:: Task to carry out ::
The material below has pictures in it. Set down only the lines from the line containing "power spectrum |" through the line containing "Με καθαρές γραμμές", word for word, and leave the pictures behind.
[Opening Given information section]
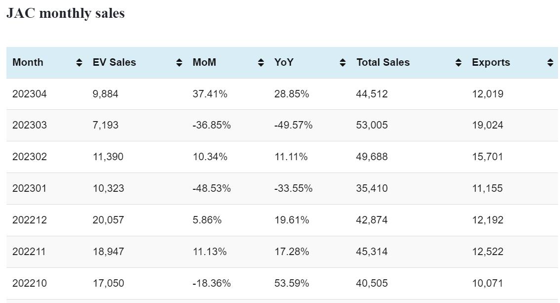 JAC EV sales in Apr: 9,884
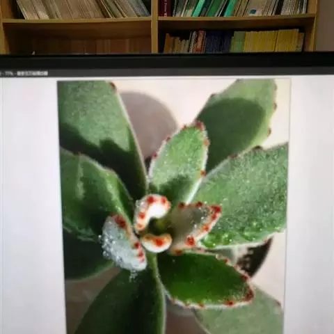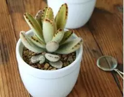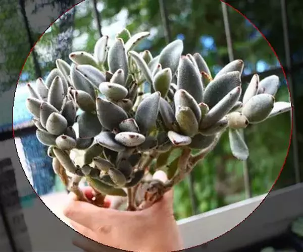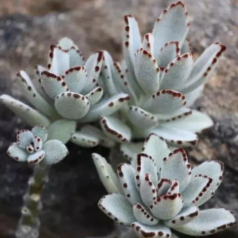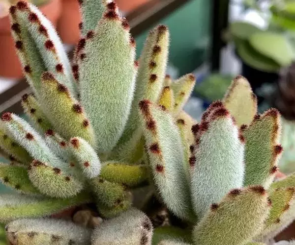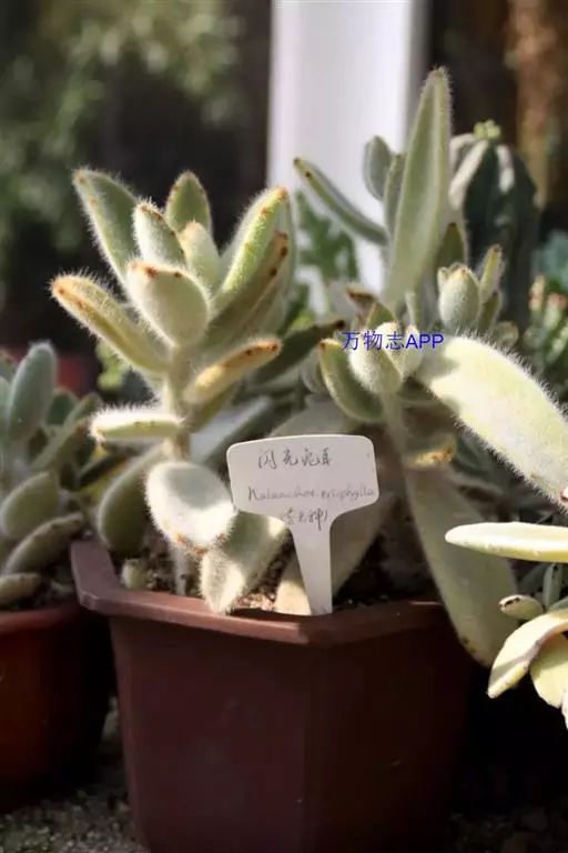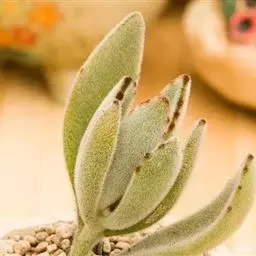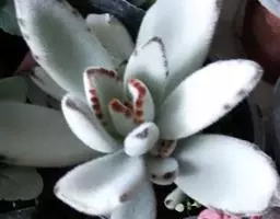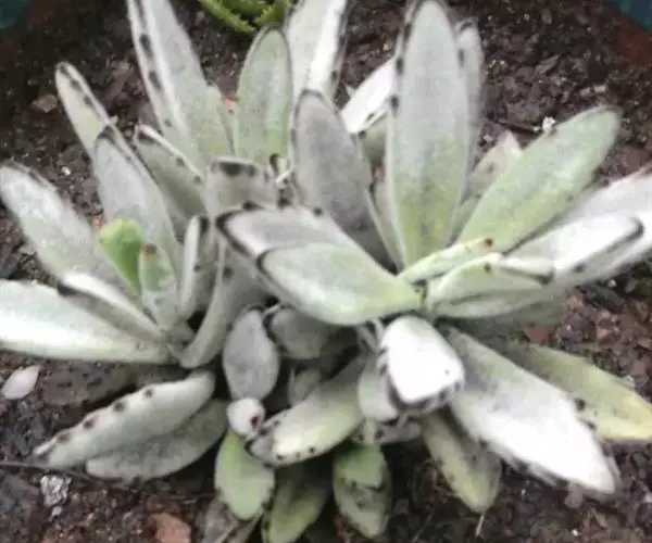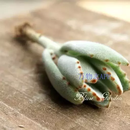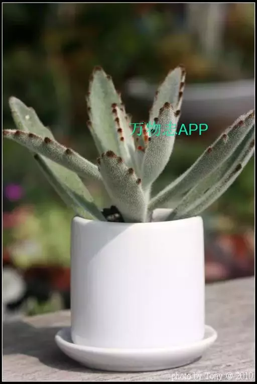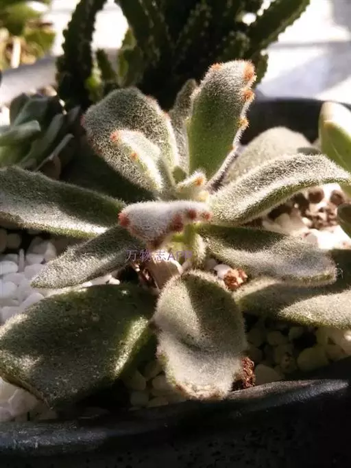 月兔耳(Kalanchoe tomentosa),正式中文名叫褐斑伽蓝,景天科伽蓝菜属,原产中美洲干燥地区及马达加斯加 。叶被绒毛,像兔子的耳朵,灰白色,间有褐色斑点,易分支,属于多肉植物中的冬型种,晚秋到早春生长旺盛。喜阳光充足的环境,阳光充足时叶尖会出现褐色斑纹。夏季要适当遮荫,不能过于荫蔽,否则会出现徒长。
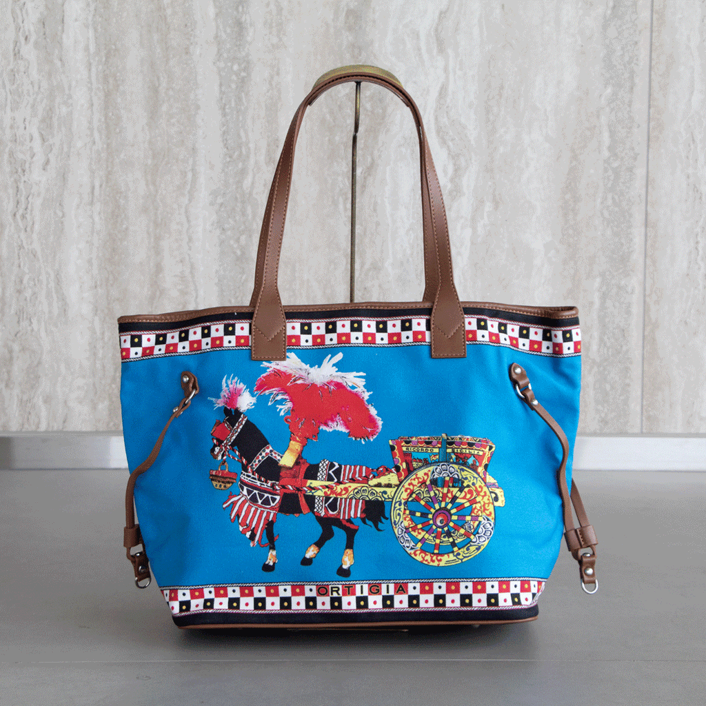 ORTIGIA(オルティージャ) キャンバスバッグ 馬車 ブルー
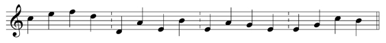 When studying a fluctuating quantity like noise, scientists often analyze its spectral density. White noise is said to have a spectral density of 1/f0 because it produces an uncorrelated sequence of values. Brown noise on the other hand, which has a spectral density of 1/f2, is quite correlated. 1/f noise is often viewed as a compromise midway between white and brown noise (Gardner 1992). 1/f distributions were used to determine all of the pitches in this work. For example, in the first movement the output of the 4-dice version of R.F. Voss’ 1/f algorithm was mapped to a C-major collection in order to create 16-note melodies (Bolognesi 1983). After numerous experimental trial runs of the algorithm, I finally discovered the melody shown in Fig. 1–which was to my liking.
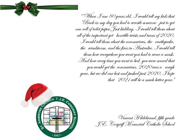 “When I am 80 years old, I would tell my kids that ‘Back in my day you had to wrestle someone just to get one roll of toilet paper.’ Just kidding. I would tell them about all of the important yet horrible twists and turns of 2020. I would tell them about the coronavirus, the earthquake, the windstorm, and the fires in Australia. I would tell them how everywhere you went you had to wear a mask. And how every time you went to bed, you were scared that you would get the coronavirus. 2020 was a rough year, but we did our best and pushed past 2020. I hope that 2021 will be a much better year." - Vincent Hildebrand, fifth grade, J.E. Cosgriff Memorial Catholic School
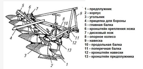 • корпус — состоит из стойки к которой прикреплены лемех с отвалом и полевая доска;
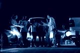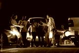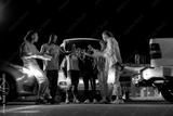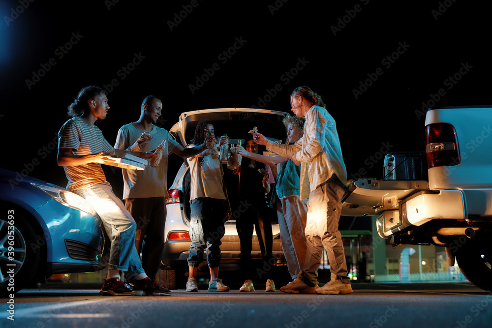 Young casually dressed friends of different nationalities standing in front of each other outside on a parking site clinking bottles of beer while eating pizza
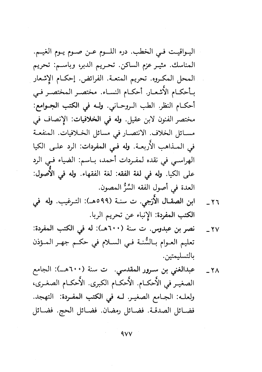 ٢٨- عبد الغني بن سرور المقدسي ت سنة (٦٠٠ هـ) : الجامع الصغير في الأحكام. الأحكام الكبرى. الأحكام الصغرى، ولعله: الجامع الصغير له في الكتب المفردة: التهجد. فضائل الصدقة. فضائل رمضان. فضائل الحج. فضائل
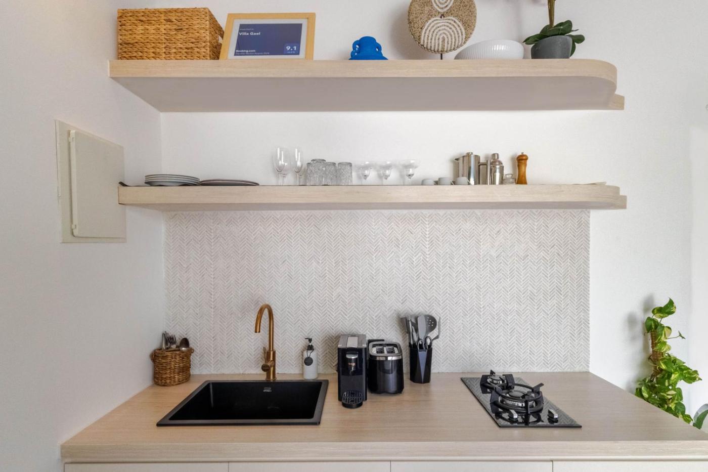 The air-conditioned villa is composed of 1 separate bedroom, a living room, a fully equipped kitchen with kitchenware, and 1 bathroom.
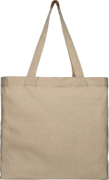 Nákupná taška zo zmesi recyklovanej bavlny a polyesteru 210 g/m2. Recyklovaná bavlna pochádza z výrobného odpadu textilných tovární, vznikajúceho počas rezania. Taška so skladacím dnom a veľkou hlavnou priehradkou. Nosnosť do 10 kg.
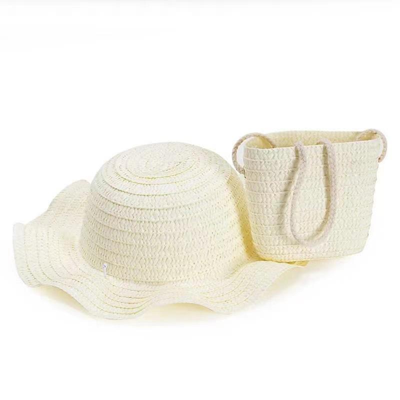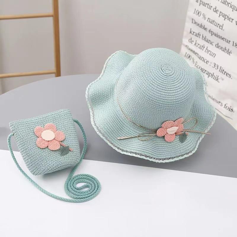 หมวกปีกกว้างลายทางสไตล์เกาหลี พร้อมกระเป๋าสะพายข้างลายดอกไม้โบว์น่ารัก สำหรับเด็ก ระบายอากาศได้ดี เหมาะสำหรับกิจกรรมกลางแจ้ง ท่องเที่ยว ตกปลา และใช้ในชีวิตประจำวัน
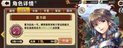 蓄力箭,蓄力拉出一弓,横穿敌军对每个穿过的敌方单位造成攻击力100%+185点伤害。
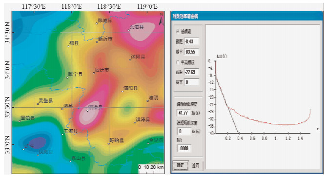 ![]() | 图 5 布格重力异常4阶小波逼近图及对数功率谱Fig. 5 4 order approximate images and power spectrum |
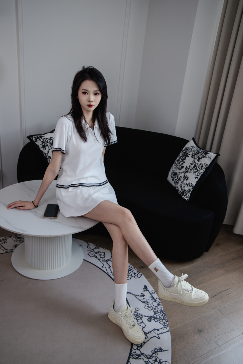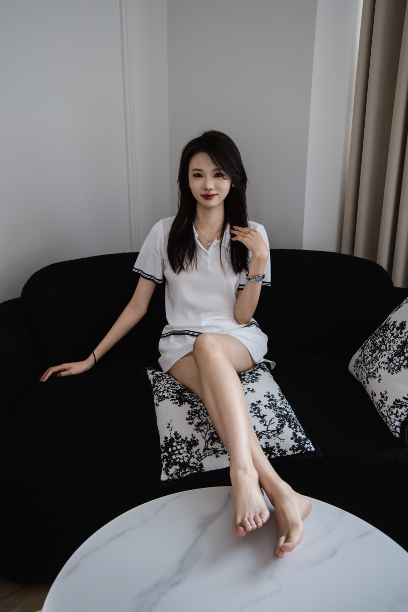 足愉心摄影第56期:模特楚然(搭配:白色T恤、白色短裙、滑板鞋、、白棉袜、裸足)
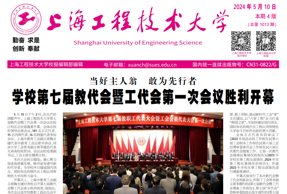 5月10日下午2时,在庄严的国歌声中,上海工程技术大学第七届教代会暨工代会第一次会议在松江校区志宏堂隆重开幕。全体在校校领导出席会议,181名正式代表、15名列席代表、16名特邀代表参加会议。上海市教育工会副主席陶文捷代表市教育工会出席并讲话,同济大学工会常务副主席李建昌代表兄弟高校致贺词。会议由校党委副书记、工会主席史健勇主持。
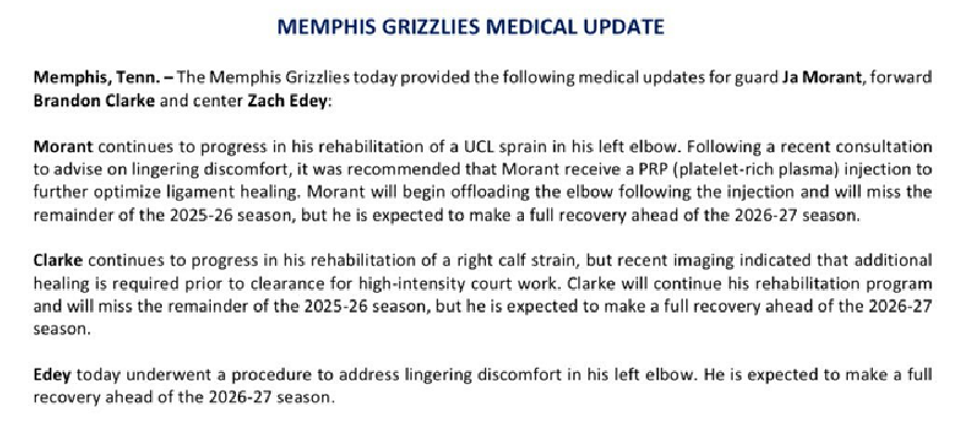 灰熊官方宣布:莫兰特因左肘尺侧副韧带(UCL)扭伤提前结束本赛季征程,预计26-27赛季开始前完成康复......
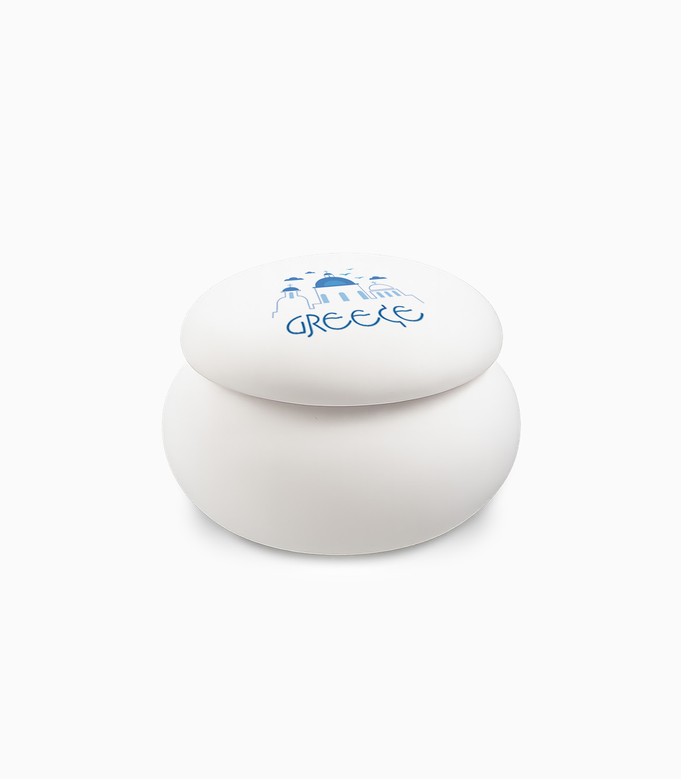 Με καθαρές γραμμές και διακριτικό σχήμα μακαρόν, το βαζάκι προσφέρει μια μοντέρνα αισθητική που ξεφεύγει από τα κλασικά τουριστικά αντικείμενα. Ανήκει στη θεματική Folklore, προτείνοντας μια πιο σύγχρονη προσέγγιση στον χώρο των αναμνηστικών δώρων.
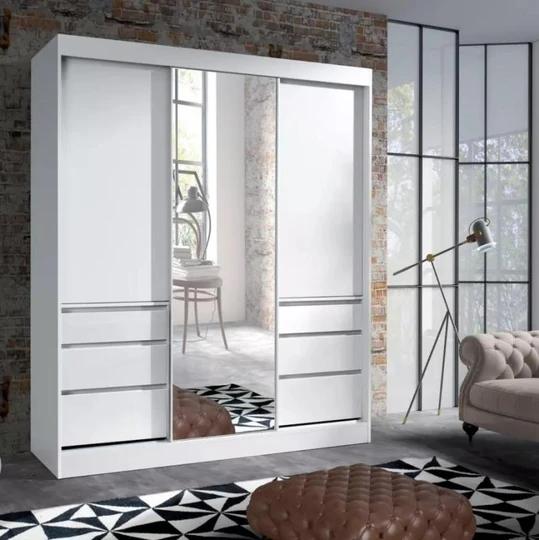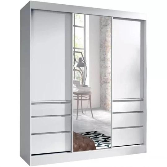 Šatní skříň se zrcadlem HEIDI vyřeší nejen vaše problémy s nedostatkem místa, ale dodá vaší ložnici elegantní nádech. Je navíc vyrobená z kvalitního lamina, které je velmi snadné na údržbu, odolné vůči poškrábání, oděrům a zachovává si svou strukturu po dlouhou dobu. Hrany jsou zakončeny ABS lištou, která chrání skříň proti možnému poškození.
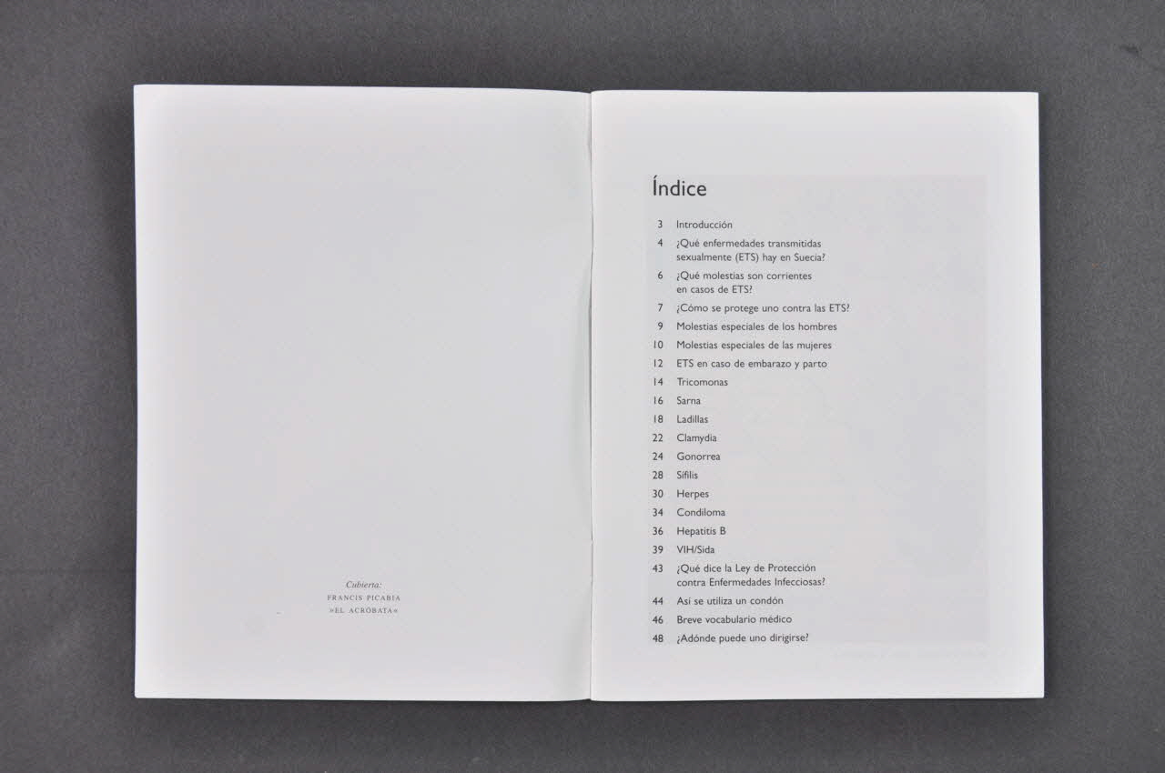 Un librito sobre enfermedades transmitidas sexualmente. (sur la couverture)SPANSKA (au dos au centre)Sommaire
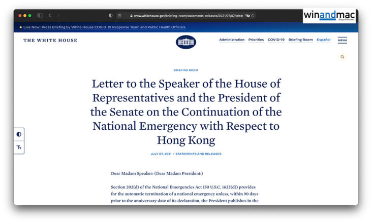 美國總統拜登於當地時間7日,發佈通知宣佈對香港的國家緊急狀態延續多一年,亦即前朝特朗普政府的行政命令13936,2021年7月14日後仍然有效。拜登在通知中表明,中共政府對香港的高度自治進行根本性破壞,以及繼續對美國國家安全、外交政策和經濟構成威脅。
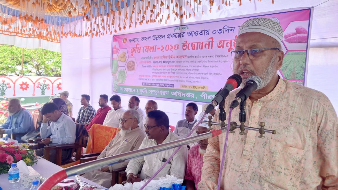 স্টাফ রিপোর্টার, পীরগঞ্জ ঃ ঠাকুরগাঁওয়ের পীরগঞ্জে তিন দিন ব্যাপী কৃষি মেলা শুরু হয়েছে। বৃহস্পতিবার দুপুরে উপজেলা পরিষদ চত্বরে মেলা উদ্বোধন করেন উপজেলা চেয়ারম্যান আখতারুল ইসলাম। কান্দাল ফসল উন্নয়ন প্রকল্পের আওতায় উপজেলা কৃষি বিভাগের আয়োজনে মেলার উদ্বোধনী সভায় অন্যান্যের বক্তব্য দেন, উপজেলা নির্বাহী অফিসার রমিজ আলম, পৌর মেয়র বীর মুক্তিযোদ্ধা ইকরামুল হক, উপজেলা কৃষি অফিসার লায়লা আরজুমান বেগম, উপজেলা জাতীয় পার্টির ভারপ্রপ্ত সভাপতি দবিরুল ইসলাম, উপজেলা কৃষক লীগের সভাপতি আব্দুল জলিল, পীরগঞ্জ প্রেসক্লাবের সভাপতি জয়নাল আবেদিন বাবুল ও উপজেলা ছাত্রলীগের সভাপতি তারভির রহমান মিঠু। মেলায় ২০ স্টল স্থান পেয়েছে।
[Closing Given information section]
:: Task answer ::
 ![]() | 图 5 布格重力异常4阶小波逼近图及对数功率谱Fig. 5 4 order approximate images and power spectrum |
 足愉心摄影第56期:模特楚然(搭配:白色T恤、白色短裙、滑板鞋、、白棉袜、裸足)
 5月10日下午2时,在庄严的国歌声中,上海工程技术大学第七届教代会暨工代会第一次会议在松江校区志宏堂隆重开幕。全体在校校领导出席会议,181名正式代表、15名列席代表、16名特邀代表参加会议。上海市教育工会副主席陶文捷代表市教育工会出席并讲话,同济大学工会常务副主席李建昌代表兄弟高校致贺词。会议由校党委副书记、工会主席史健勇主持。
 灰熊官方宣布:莫兰特因左肘尺侧副韧带(UCL)扭伤提前结束本赛季征程,预计26-27赛季开始前完成康复......
 Με καθαρές γραμμές και διακριτικό σχήμα μακαρόν, το βαζάκι προσφέρει μια μοντέρνα αισθητική που ξεφεύγει από τα κλασικά τουριστικά αντικείμενα. Ανήκει στη θεματική Folklore, προτείνοντας μια πιο σύγχρονη προσέγγιση στον χώρο των αναμνηστικών δώρων.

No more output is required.